Make Your Database Dream of Electric Sheep: Designing for Autonomous Operation


Background – complexity of modern systems, DBAs take up 50% of cost.

1970-2000s – Self-adaptive, self-tuning databases (index selection, partitioning/sharding). Human input, workload trace analysis, human decision.


Automating knob configuration. Database knob – configuration parameter you can set to modify runtime behavior. Growing complexity for human DBAs – hundreds of knobs.

2010s – Cloud databases. Automating deployment of large number of databases in cloud environment.

Why is this all insufficient?

What’s different now? Better hardware, better machine learning tools, better appreciation for data. We seek to complete the circle in autonomous databases. Make decisions and learn from them automatically.

2 research projects


For existing databases – black boxes – we only see what they’re exposing to us.

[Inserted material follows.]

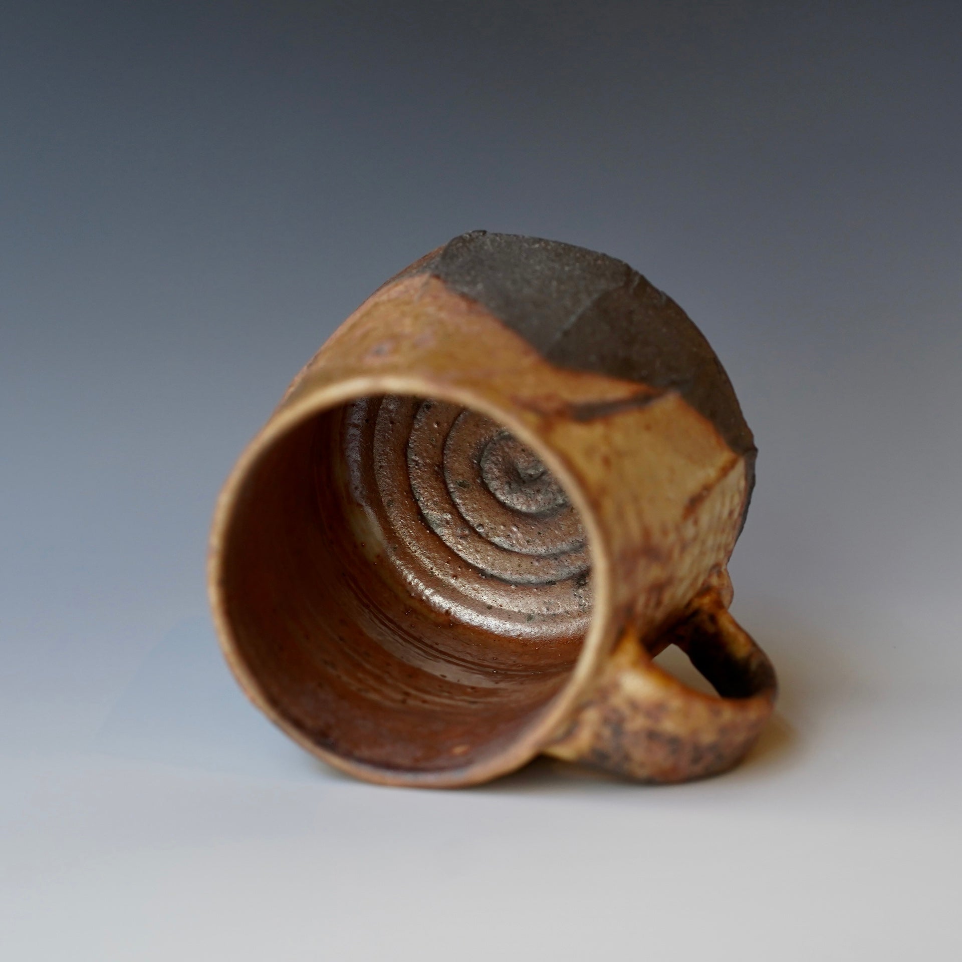Mug - Natural wood ash, Woodfired, Shino glazeNatural wood ash: pottery surface is left unglazed and takes on color and markings during the firing from the melted wood ash4.75 x 3.75 x 3.5h inchesHolds 11ozShipping and Policy(m-331)

Database Tuning-as-a-Service

Target database -> Controller (collector) -> Tuning manager (metric analyzer, knob analyzer, configuration recommender) -> Controller (install agent) -> Target database


Repeat: collect more runtime metrics, feed back into ML algorithms, see if we get better performance, make recommendation, over and over.

Objective function – latency or throughput, or whatever you want to optimize.

Another key thing that’s different about OtterTune - the only thing algorithms need to see is benign information about runtime metrics. It doesn’t need to see your data or user queries.

Live demo of OtterTune.

Comparison with DBAs. Efficiency. Scalable.


(in process or renaming)

What things you can do better than OtterTune if you control the entire software stack.

Self-Driving Database System

ML components can observe all aspects of database runtime behavior, and then make recommendations. Goes beyond just knob configuration like OtterTune – all other things like picking indexes, picking partition schemes, scaling up, scaling out.

Self-driving cars comparison


Being built from scratch because existing systems are too slow (e.g. adding index is slow). Apply changes and learn as quickly as possible what the right configuration is.

The first problem (predicting workload) is solved. The big problem not yet solved is action catalog. How to determine whether one action is better than another, in terms of what happens before you deploy it or after you deploy it, how you reverse things, etc. How to interact internally and with outside world. This all is ongoing research.

Story - automatic index selection tool, customer kept undoing indexes, so many times that the tool got stuck and didn’t know what to do – turned out customer didn’t like names of indexes.

Design Considerations for Autonomous Operation

Configuration knobs

Internal metrics

Action engineering

Oracle rant

Main takeaways

True autonomous DBMSs are achievable in the next decade.

For anybody who’s working on database systems – you should think about how each new feature can be controlled by a machine.